Титина Titina Пер. М. Алексеева

Людеку, может, потому, что он был самый младший, комендант сказал: «Приведи Титину», — и все, не дал ему никакого списка, как тем, что чуть раньше вышли из здания юденрата и разбрелись по городу. Людек спросил: «Я сам?» — но низкий, лысоватый человек, который был комендантом, ничего не ответил и захлопнул дверь у него перед носом.

За дверью бушевали голоса. Ночь была теплая, ветреная, на реке тронулся лед, и шум воды разносился по всему местечку. В домах ни единого огонька, кромешная тьма, сон.

Он шел быстрым шагом, голос реки набирал силу — Титина жила рядом с мостом. «Добрый вечер», — мысленно произнес он и услышал, как Титина отвечает: «Bonsoir, jeune homme»[35]… «Bonsoir, Madame»[36], — поправился он, она требовала, чтобы с ней он говорил только по-французски. Письменный столик у окна, пухлый томик Ларусса[37], позолоченная обложка «Писем с моей мельницы»[38]… И затхлый запах темной комнаты. В Титине уже тогда проглядывало безумие… Эта затхлость… Она не проветривала квартиру. Под окном темные стройные молодые ели. «Еловый двогец» — так она называла свою халупу.
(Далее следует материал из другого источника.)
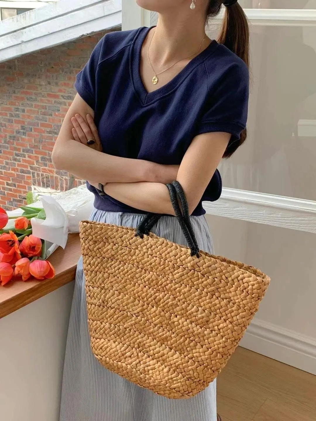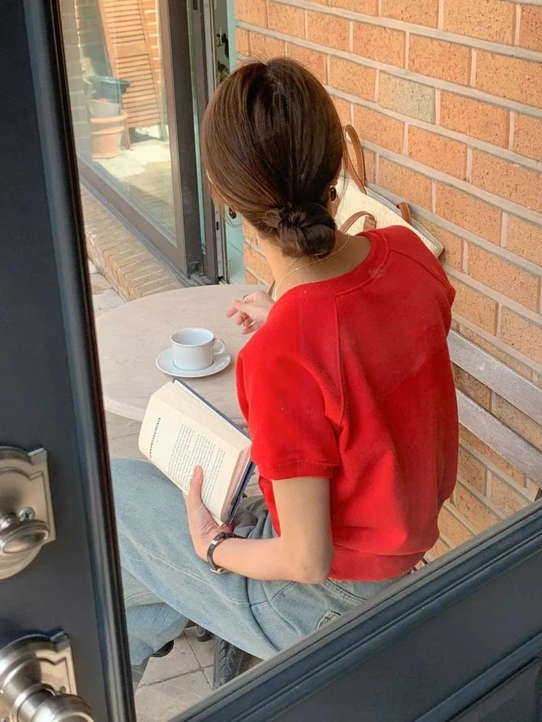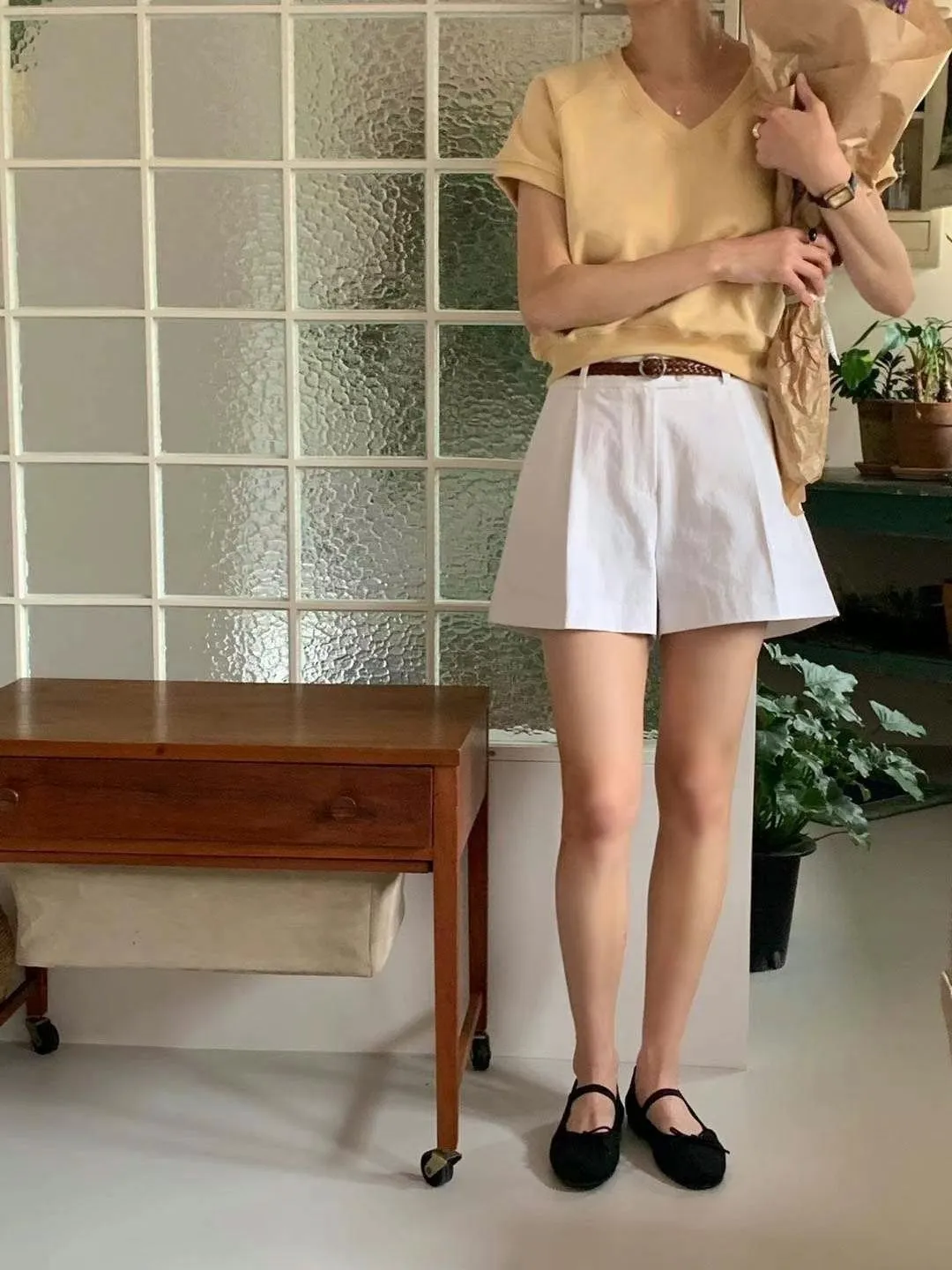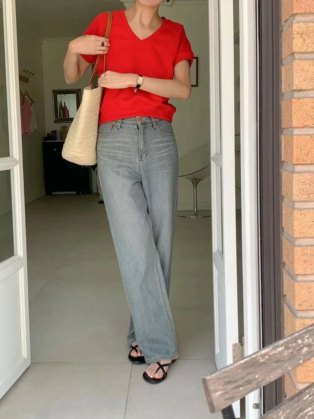 棉 落肩款 觸感舒適 V領顯瘦 偏短版下擺鬆緊 穿到M號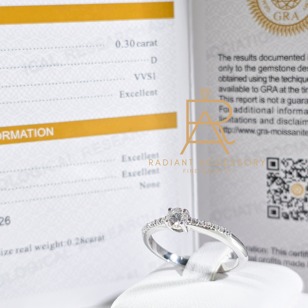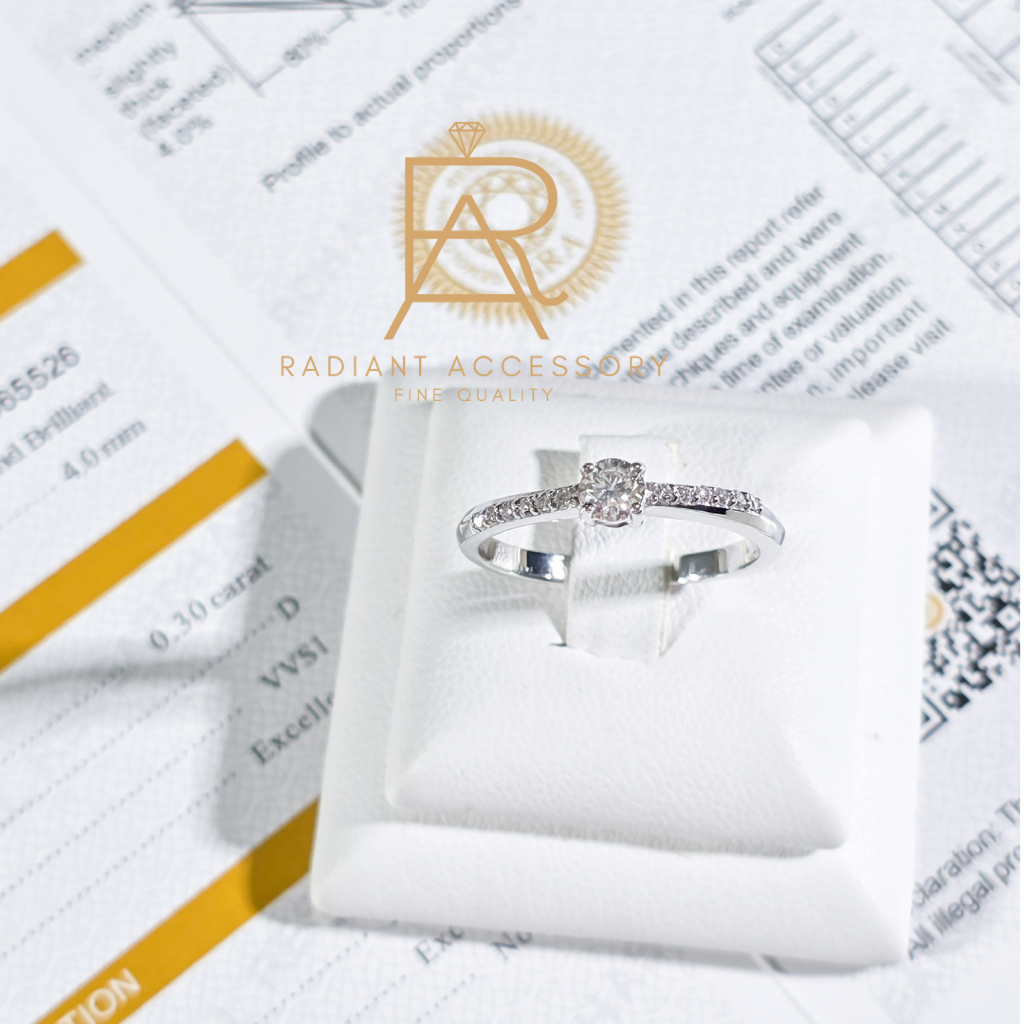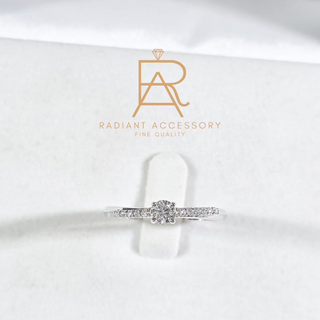 แหวนเงินแท้เม็ดชูฝังเพชร Moissanite 0.3 กะรัต ทรงกลม ฝังบ่าข้างชุบทองคำขาว

Грассировала, как и подобает учительнице французского.

— Comment va ta maman?[39]

— Merci, elle va bien[40].

Мама в ночной рубашке, даже халат не надела.

— Людек, за тобой прислали… — И сразу в плач. — Сыночек мой…

В вырезе ночной рубашки дряблая шея, гусиная кожа, лишенные жировой прослойки складки.

Он одевался тщательно, брюки, куртка, кепка с блестящим козырьком.

— Мама, где дубинка?

— Я Марциняков попрошу, в сарае спрячешься… Сыночек…

Месяцем раньше она плакала, потому что его не взяли. Обивала пороги в надежде на протекцию, часами просиживала в коридоре юденрата перед дверью председателя. Говорила: «Хочу тебя спасти».

— Не устраивай истерику, мама. Сейчас…

Она поднесла руки к шее, словно хотела себя задушить. Это был жест крайнего отчаяния, потому что именно так она душила себя в ту ночь, когда забрали отца.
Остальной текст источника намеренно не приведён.